(Collected data)
<<<<

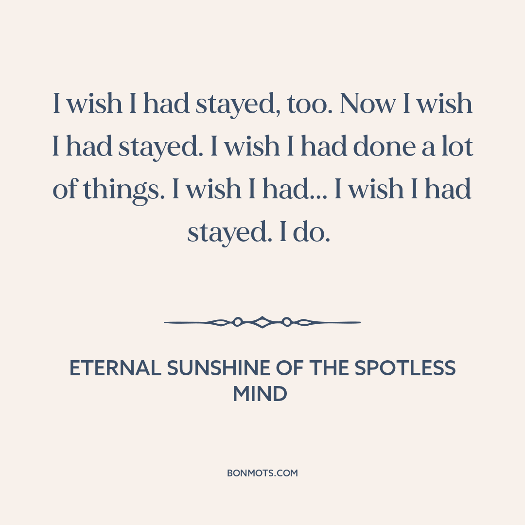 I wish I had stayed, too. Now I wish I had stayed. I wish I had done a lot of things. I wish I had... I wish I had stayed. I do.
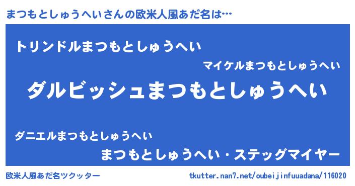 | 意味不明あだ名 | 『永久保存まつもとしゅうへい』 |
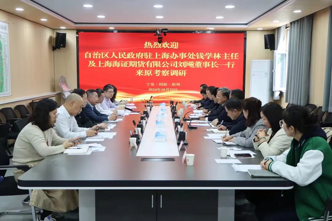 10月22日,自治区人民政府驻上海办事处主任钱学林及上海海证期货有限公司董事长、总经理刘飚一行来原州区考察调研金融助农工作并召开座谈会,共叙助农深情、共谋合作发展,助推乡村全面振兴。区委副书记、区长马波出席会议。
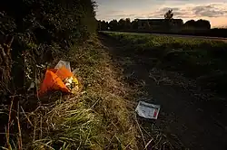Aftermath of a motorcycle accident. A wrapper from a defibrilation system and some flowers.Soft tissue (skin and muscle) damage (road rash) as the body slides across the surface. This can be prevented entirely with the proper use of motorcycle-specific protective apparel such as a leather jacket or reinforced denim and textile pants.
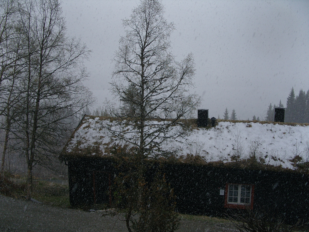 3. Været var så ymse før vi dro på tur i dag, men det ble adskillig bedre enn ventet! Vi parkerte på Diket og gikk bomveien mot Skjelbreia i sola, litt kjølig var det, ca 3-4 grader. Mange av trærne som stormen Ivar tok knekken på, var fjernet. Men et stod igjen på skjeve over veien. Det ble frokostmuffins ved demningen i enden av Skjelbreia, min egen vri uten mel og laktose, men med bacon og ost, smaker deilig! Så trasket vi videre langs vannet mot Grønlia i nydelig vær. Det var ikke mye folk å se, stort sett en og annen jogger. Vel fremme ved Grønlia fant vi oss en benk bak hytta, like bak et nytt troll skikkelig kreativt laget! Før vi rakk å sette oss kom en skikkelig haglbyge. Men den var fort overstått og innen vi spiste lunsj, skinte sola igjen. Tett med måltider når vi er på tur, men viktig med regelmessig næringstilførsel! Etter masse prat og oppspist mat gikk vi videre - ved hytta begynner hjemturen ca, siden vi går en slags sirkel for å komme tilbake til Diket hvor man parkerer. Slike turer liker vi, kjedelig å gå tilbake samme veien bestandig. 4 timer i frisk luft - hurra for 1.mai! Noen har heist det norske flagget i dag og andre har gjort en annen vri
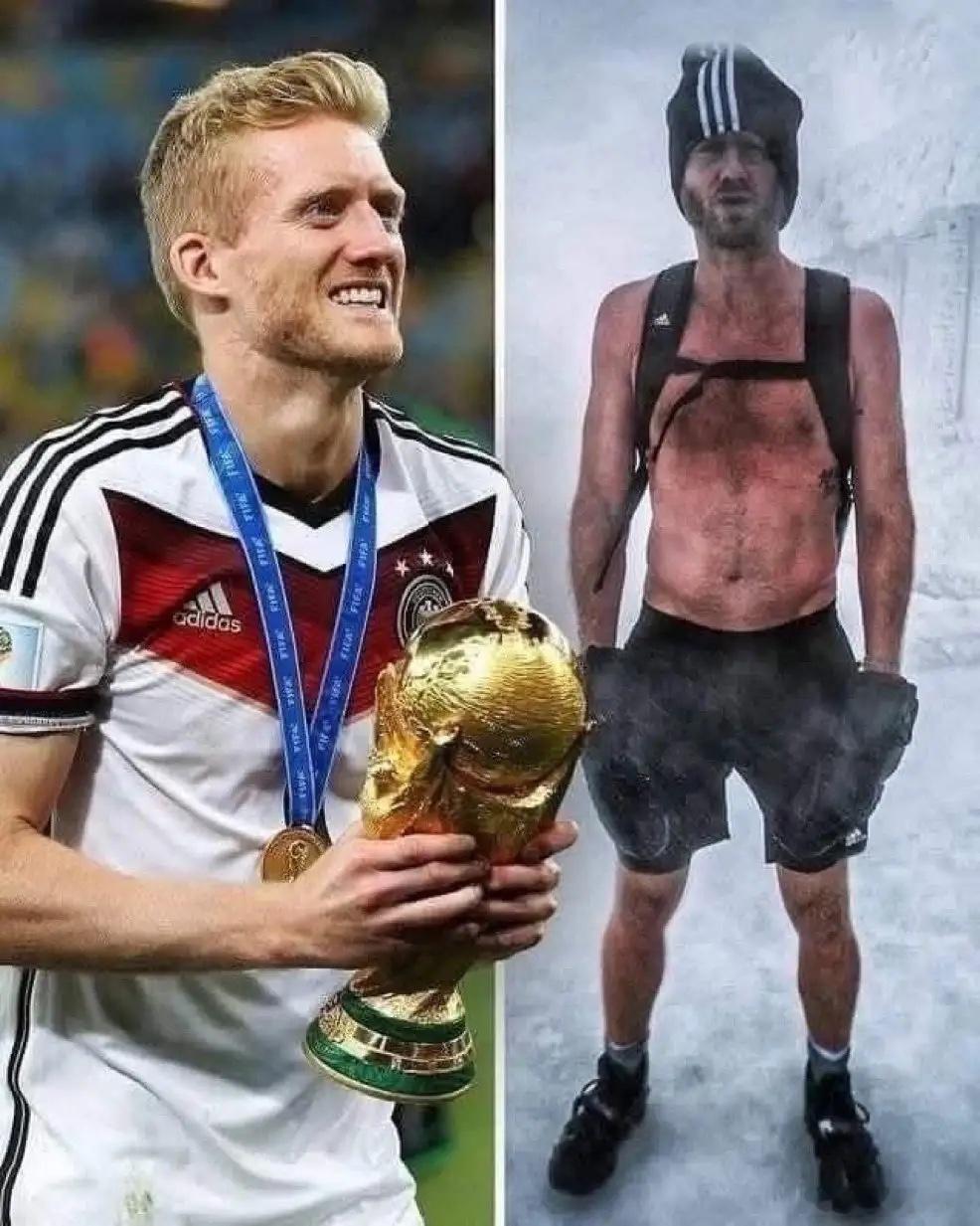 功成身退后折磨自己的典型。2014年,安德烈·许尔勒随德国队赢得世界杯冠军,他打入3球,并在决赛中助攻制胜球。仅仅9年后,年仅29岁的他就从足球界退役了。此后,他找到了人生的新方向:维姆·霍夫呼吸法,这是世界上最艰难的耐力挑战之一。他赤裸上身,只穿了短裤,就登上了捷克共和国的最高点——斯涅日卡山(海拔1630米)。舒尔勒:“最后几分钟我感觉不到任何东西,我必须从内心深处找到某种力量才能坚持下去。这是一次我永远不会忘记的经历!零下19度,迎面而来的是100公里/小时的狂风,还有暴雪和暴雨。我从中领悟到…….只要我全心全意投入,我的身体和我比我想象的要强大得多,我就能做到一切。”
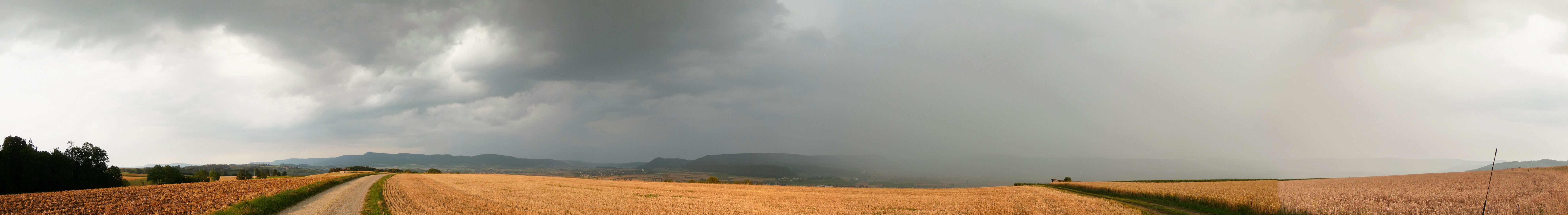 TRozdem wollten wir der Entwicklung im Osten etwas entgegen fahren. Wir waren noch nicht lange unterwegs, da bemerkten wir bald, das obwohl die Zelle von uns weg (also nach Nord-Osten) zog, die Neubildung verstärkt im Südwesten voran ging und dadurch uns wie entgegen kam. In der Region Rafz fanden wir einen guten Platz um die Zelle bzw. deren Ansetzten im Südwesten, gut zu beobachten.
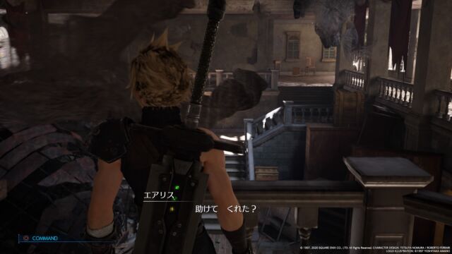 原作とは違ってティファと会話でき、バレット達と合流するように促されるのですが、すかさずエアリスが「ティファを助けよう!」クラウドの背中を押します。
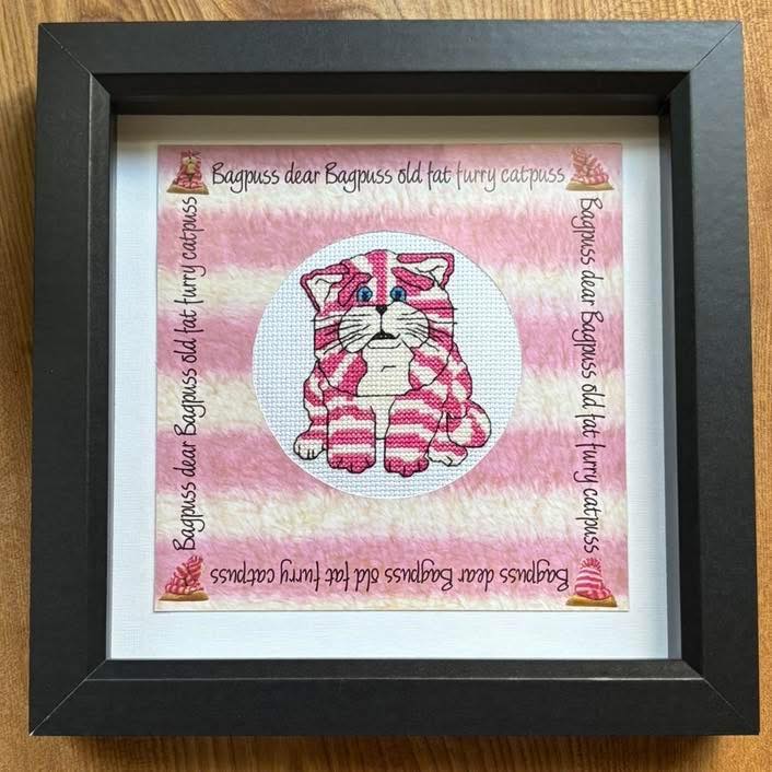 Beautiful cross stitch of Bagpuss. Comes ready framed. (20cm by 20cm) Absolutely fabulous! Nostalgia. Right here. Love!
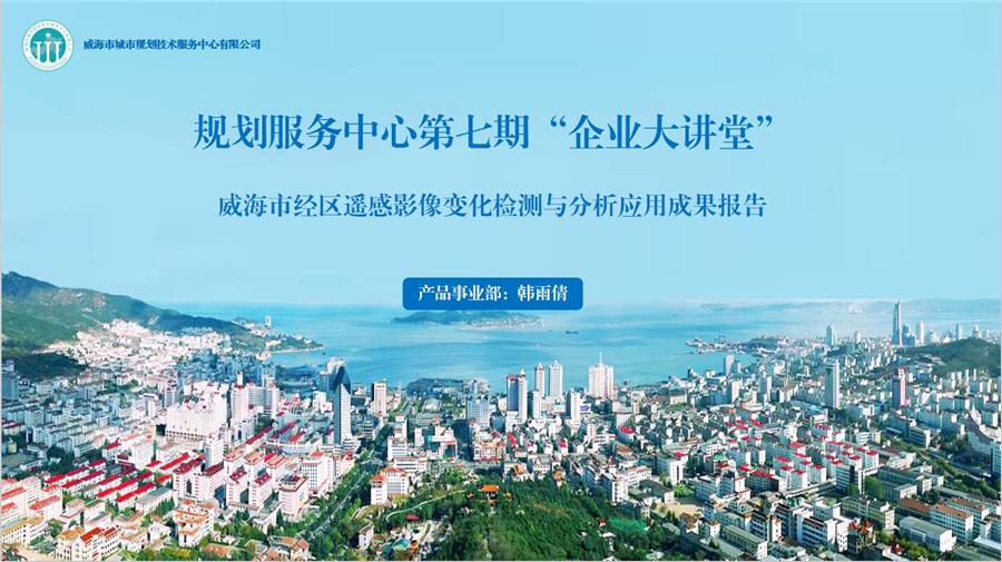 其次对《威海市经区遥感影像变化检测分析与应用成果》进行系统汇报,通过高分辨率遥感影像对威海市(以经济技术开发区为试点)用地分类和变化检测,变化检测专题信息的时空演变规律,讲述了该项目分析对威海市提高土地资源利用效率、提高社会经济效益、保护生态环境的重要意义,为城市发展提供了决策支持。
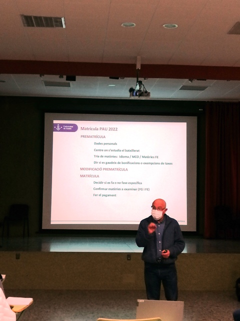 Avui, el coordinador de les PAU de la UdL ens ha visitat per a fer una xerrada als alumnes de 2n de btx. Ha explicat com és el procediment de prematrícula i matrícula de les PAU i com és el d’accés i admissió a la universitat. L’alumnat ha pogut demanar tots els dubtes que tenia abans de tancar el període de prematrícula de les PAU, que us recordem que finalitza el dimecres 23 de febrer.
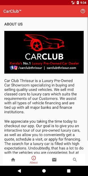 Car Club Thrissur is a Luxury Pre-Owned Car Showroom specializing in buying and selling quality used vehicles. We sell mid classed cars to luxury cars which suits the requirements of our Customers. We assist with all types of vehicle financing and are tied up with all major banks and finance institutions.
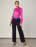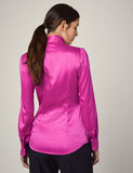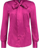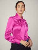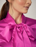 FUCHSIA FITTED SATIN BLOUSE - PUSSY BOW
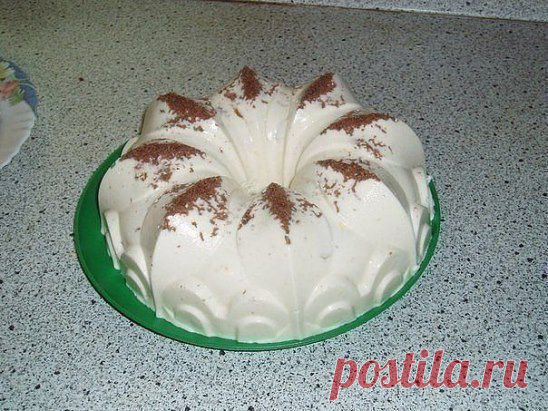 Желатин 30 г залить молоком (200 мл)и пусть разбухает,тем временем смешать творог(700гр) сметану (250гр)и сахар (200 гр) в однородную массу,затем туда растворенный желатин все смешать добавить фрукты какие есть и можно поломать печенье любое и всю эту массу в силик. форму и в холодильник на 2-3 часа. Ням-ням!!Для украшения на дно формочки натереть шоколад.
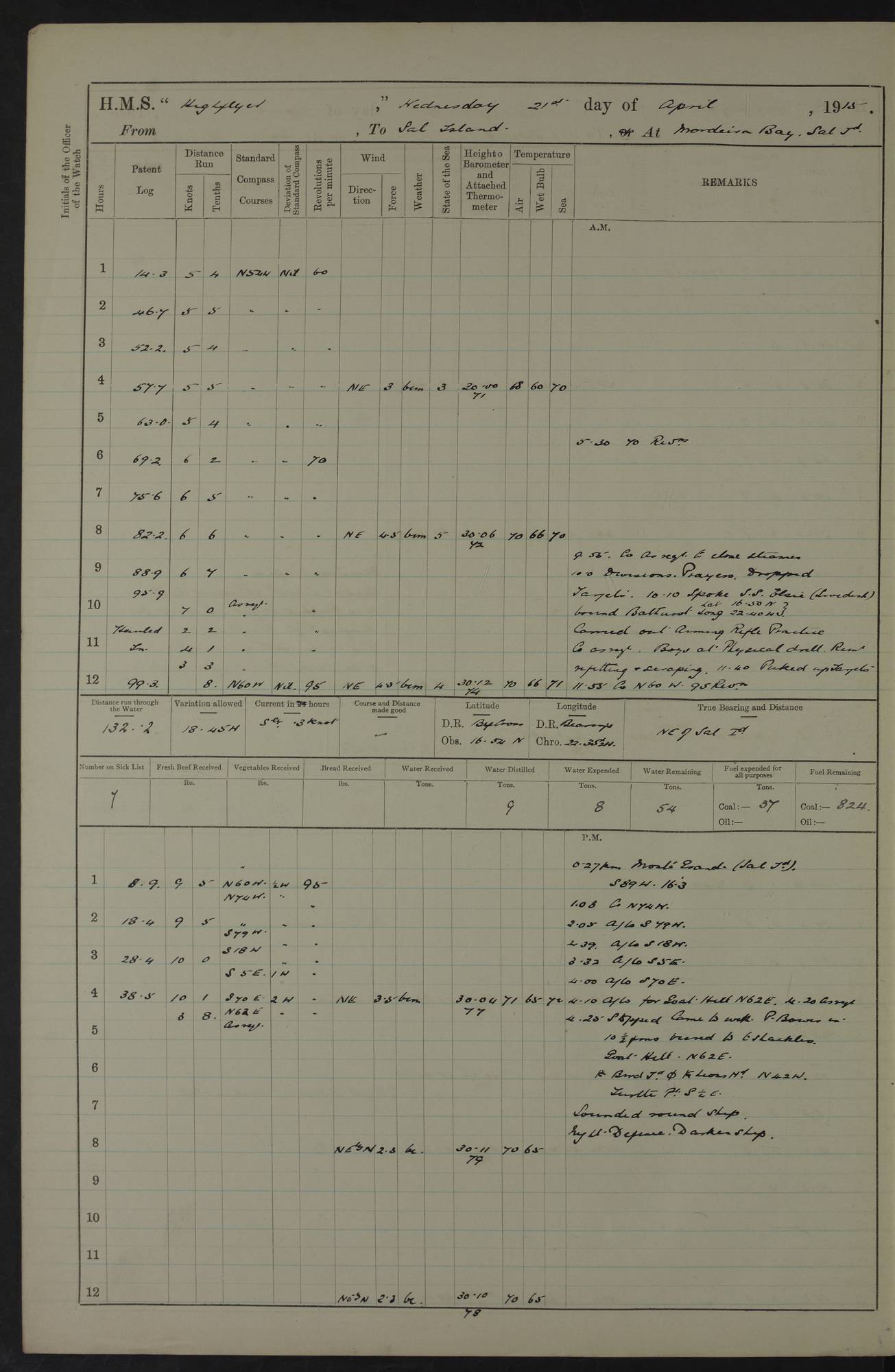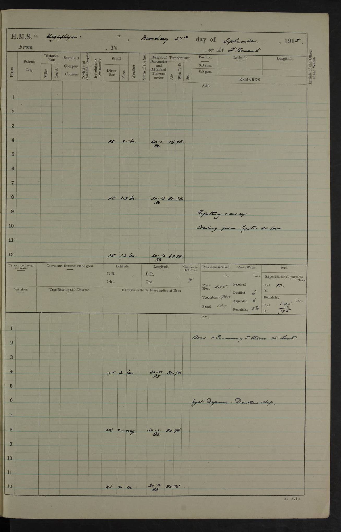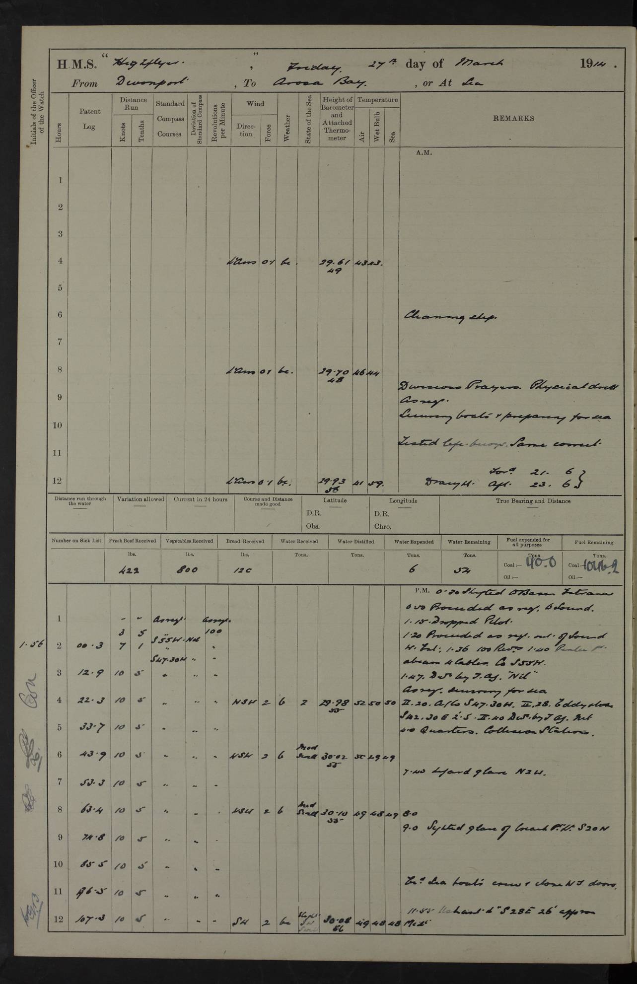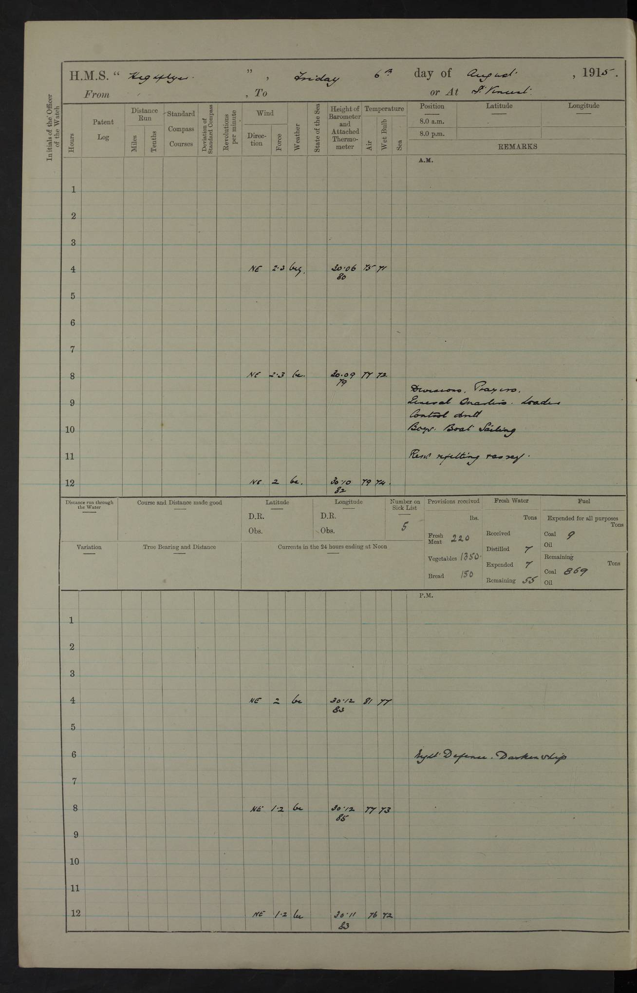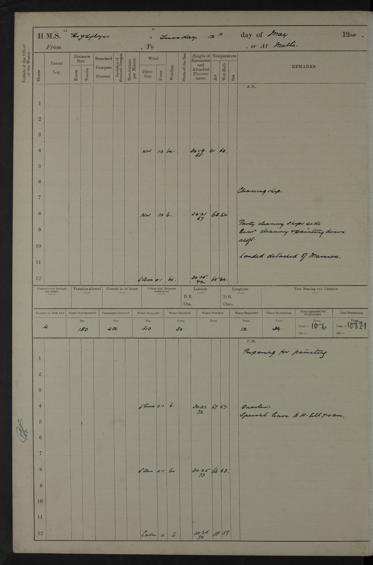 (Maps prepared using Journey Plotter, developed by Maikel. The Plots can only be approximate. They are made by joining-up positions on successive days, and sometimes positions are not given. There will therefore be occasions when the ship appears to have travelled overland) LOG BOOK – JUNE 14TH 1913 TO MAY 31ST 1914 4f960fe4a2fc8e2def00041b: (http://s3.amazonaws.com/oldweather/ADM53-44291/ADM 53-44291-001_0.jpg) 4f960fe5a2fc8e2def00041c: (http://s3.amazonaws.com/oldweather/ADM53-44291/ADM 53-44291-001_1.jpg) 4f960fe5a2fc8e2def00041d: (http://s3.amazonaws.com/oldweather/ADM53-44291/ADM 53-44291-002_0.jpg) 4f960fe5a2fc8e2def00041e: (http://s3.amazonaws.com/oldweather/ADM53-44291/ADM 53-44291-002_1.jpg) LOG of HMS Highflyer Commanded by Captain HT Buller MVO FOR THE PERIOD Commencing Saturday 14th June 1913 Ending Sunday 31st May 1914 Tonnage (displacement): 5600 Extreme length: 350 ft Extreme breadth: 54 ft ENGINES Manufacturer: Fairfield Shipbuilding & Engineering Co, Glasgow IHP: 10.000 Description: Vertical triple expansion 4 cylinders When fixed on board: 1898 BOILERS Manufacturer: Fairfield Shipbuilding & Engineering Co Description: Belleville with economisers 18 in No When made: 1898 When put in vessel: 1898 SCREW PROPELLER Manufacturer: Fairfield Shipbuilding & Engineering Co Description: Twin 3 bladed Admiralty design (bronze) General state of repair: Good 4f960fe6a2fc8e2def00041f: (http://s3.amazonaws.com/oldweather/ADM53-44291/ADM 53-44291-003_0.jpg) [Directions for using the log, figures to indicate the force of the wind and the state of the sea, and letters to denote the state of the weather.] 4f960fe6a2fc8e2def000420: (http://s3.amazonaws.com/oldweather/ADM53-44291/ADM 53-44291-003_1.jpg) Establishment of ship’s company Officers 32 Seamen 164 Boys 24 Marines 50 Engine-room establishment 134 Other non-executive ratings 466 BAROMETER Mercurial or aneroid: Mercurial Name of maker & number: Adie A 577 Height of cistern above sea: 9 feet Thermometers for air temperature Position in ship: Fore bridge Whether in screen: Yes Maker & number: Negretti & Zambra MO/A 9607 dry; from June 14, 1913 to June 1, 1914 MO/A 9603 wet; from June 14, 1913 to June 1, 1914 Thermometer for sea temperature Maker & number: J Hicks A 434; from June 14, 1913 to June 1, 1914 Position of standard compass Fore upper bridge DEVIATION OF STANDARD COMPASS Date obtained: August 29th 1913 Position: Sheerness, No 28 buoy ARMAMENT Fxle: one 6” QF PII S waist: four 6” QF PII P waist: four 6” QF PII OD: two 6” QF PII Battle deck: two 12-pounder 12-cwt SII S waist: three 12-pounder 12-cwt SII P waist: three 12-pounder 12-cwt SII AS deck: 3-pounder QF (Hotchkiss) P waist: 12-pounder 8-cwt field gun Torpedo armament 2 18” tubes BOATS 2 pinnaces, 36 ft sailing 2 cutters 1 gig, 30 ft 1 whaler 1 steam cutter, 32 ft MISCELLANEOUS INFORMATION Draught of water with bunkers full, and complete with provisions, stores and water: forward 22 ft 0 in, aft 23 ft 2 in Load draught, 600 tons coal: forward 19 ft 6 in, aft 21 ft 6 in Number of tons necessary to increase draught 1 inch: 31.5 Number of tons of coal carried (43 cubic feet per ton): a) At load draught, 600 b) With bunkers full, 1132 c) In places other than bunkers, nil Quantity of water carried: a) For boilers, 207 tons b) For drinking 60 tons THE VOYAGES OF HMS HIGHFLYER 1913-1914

>>>>

Your task: The lines to copy exactly start with the line above that has "FUCHSIA FITTED SATIN BLOUSE - PUSSY BOW" and go on through the line that has "Желатин 30 г"; please include both, add nothing else, and omit the pictures.

The answer:
 FUCHSIA FITTED SATIN BLOUSE - PUSSY BOW
 Желатин 30 г залить молоком (200 мл)и пусть разбухает,тем временем смешать творог(700гр) сметану (250гр)и сахар (200 гр) в однородную массу,затем туда растворенный желатин все смешать добавить фрукты какие есть и можно поломать печенье любое и всю эту массу в силик. форму и в холодильник на 2-3 часа. Ням-ням!!Для украшения на дно формочки натереть шоколад.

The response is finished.